> **Work instructions**:
Print the entries that appear below, exactly as written and without their pictures.

══ Input records

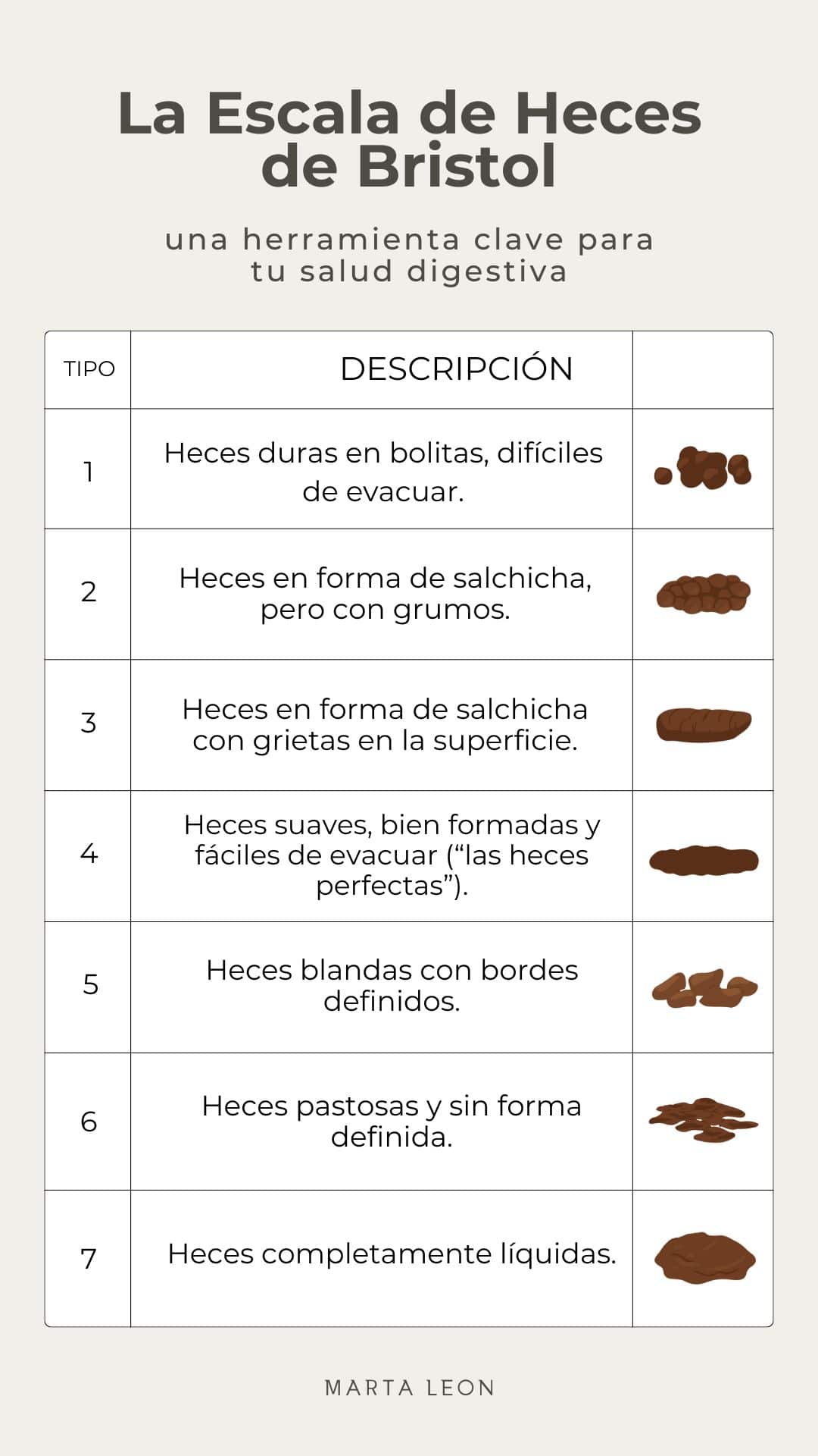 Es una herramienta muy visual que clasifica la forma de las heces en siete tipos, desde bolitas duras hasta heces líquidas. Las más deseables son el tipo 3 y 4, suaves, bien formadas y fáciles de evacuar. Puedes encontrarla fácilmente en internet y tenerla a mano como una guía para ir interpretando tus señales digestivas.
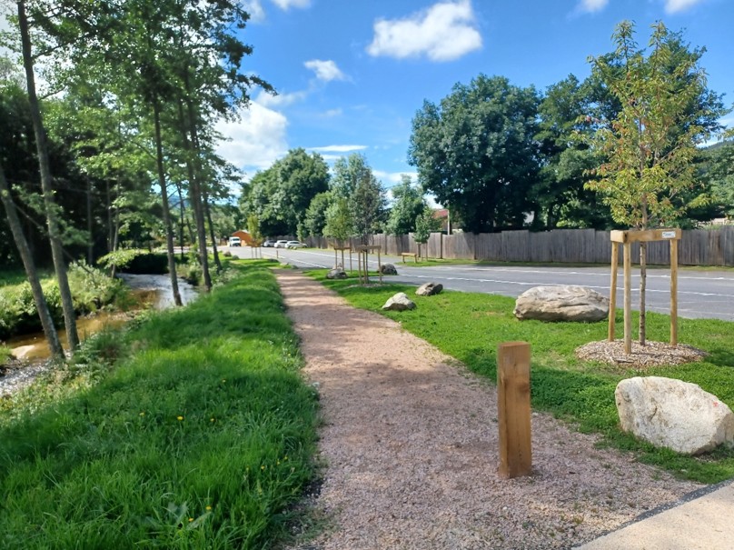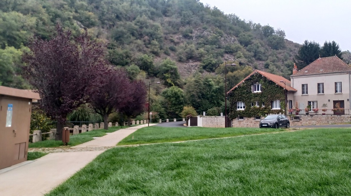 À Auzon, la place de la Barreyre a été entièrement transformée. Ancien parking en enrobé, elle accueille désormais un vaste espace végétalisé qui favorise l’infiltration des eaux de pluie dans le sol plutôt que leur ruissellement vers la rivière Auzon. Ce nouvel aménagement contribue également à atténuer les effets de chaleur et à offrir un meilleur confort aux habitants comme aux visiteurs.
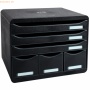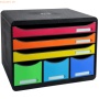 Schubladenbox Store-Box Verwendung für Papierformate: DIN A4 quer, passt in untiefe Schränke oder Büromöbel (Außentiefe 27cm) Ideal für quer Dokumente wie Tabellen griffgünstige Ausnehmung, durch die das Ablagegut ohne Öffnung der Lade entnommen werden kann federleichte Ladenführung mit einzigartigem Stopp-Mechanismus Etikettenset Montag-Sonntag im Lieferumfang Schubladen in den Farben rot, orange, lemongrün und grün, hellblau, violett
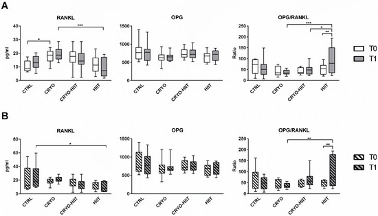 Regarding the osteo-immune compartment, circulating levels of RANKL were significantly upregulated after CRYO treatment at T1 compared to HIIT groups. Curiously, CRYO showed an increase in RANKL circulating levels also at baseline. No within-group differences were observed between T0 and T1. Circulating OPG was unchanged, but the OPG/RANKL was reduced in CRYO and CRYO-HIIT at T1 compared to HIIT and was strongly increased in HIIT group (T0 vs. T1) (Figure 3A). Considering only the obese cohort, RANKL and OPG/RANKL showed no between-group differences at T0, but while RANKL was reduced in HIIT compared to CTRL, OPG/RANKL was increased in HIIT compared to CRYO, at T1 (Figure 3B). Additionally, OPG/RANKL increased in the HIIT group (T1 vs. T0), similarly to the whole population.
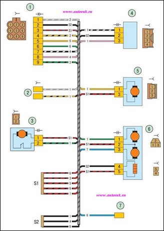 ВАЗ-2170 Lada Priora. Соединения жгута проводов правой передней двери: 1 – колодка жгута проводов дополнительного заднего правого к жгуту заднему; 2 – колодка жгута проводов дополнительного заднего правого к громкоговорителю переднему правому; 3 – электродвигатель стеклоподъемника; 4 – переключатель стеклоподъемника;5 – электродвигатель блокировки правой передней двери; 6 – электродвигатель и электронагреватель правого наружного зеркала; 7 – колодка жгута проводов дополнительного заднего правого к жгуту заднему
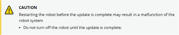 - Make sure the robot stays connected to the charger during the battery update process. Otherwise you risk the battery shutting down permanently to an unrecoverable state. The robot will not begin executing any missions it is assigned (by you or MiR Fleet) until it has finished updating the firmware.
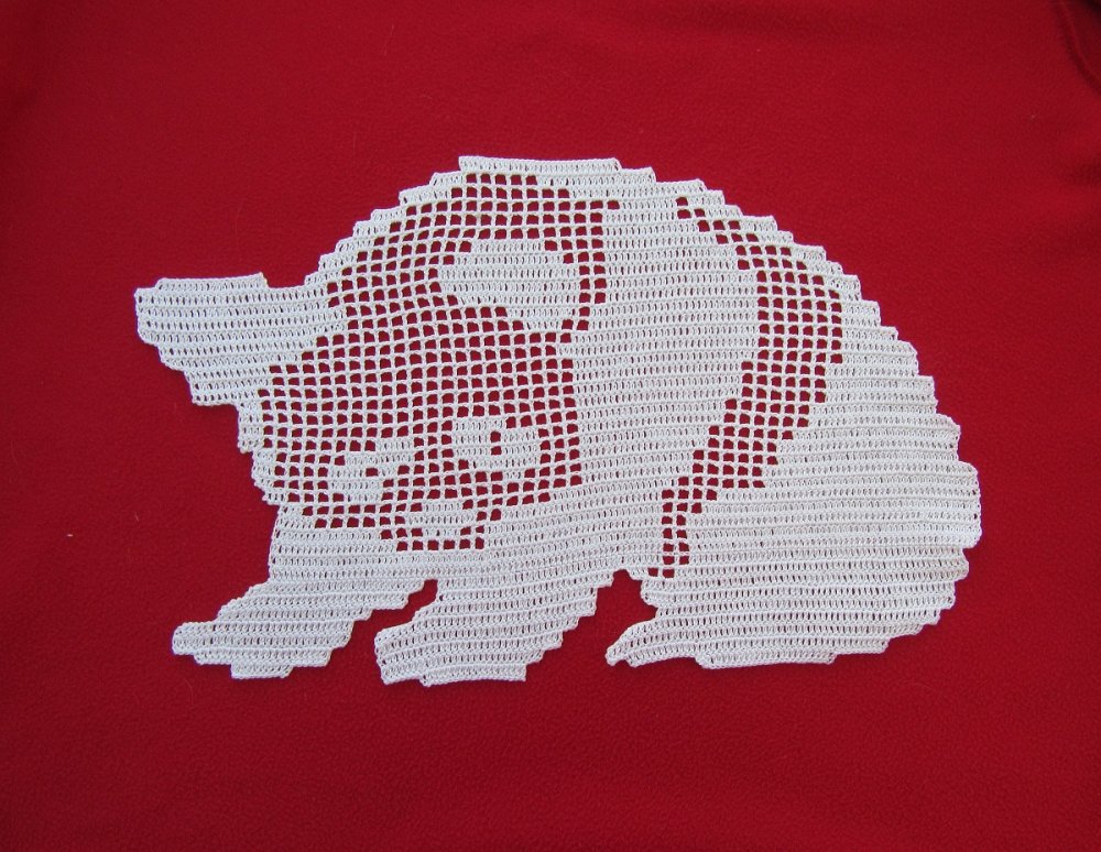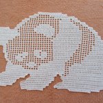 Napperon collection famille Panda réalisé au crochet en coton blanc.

════

> **Output of the exercise**:
 Es una herramienta muy visual que clasifica la forma de las heces en siete tipos, desde bolitas duras hasta heces líquidas. Las más deseables son el tipo 3 y 4, suaves, bien formadas y fáciles de evacuar. Puedes encontrarla fácilmente en internet y tenerla a mano como una guía para ir interpretando tus señales digestivas.
 À Auzon, la place de la Barreyre a été entièrement transformée. Ancien parking en enrobé, elle accueille désormais un vaste espace végétalisé qui favorise l’infiltration des eaux de pluie dans le sol plutôt que leur ruissellement vers la rivière Auzon. Ce nouvel aménagement contribue également à atténuer les effets de chaleur et à offrir un meilleur confort aux habitants comme aux visiteurs.
 Schubladenbox Store-Box Verwendung für Papierformate: DIN A4 quer, passt in untiefe Schränke oder Büromöbel (Außentiefe 27cm) Ideal für quer Dokumente wie Tabellen griffgünstige Ausnehmung, durch die das Ablagegut ohne Öffnung der Lade entnommen werden kann federleichte Ladenführung mit einzigartigem Stopp-Mechanismus Etikettenset Montag-Sonntag im Lieferumfang Schubladen in den Farben rot, orange, lemongrün und grün, hellblau, violett
 Regarding the osteo-immune compartment, circulating levels of RANKL were significantly upregulated after CRYO treatment at T1 compared to HIIT groups. Curiously, CRYO showed an increase in RANKL circulating levels also at baseline. No within-group differences were observed between T0 and T1. Circulating OPG was unchanged, but the OPG/RANKL was reduced in CRYO and CRYO-HIIT at T1 compared to HIIT and was strongly increased in HIIT group (T0 vs. T1) (Figure 3A). Considering only the obese cohort, RANKL and OPG/RANKL showed no between-group differences at T0, but while RANKL was reduced in HIIT compared to CTRL, OPG/RANKL was increased in HIIT compared to CRYO, at T1 (Figure 3B). Additionally, OPG/RANKL increased in the HIIT group (T1 vs. T0), similarly to the whole population.
 ВАЗ-2170 Lada Priora. Соединения жгута проводов правой передней двери: 1 – колодка жгута проводов дополнительного заднего правого к жгуту заднему; 2 – колодка жгута проводов дополнительного заднего правого к громкоговорителю переднему правому; 3 – электродвигатель стеклоподъемника; 4 – переключатель стеклоподъемника;5 – электродвигатель блокировки правой передней двери; 6 – электродвигатель и электронагреватель правого наружного зеркала; 7 – колодка жгута проводов дополнительного заднего правого к жгуту заднему
 - Make sure the robot stays connected to the charger during the battery update process. Otherwise you risk the battery shutting down permanently to an unrecoverable state. The robot will not begin executing any missions it is assigned (by you or MiR Fleet) until it has finished updating the firmware.
 Napperon collection famille Panda réalisé au crochet en coton blanc.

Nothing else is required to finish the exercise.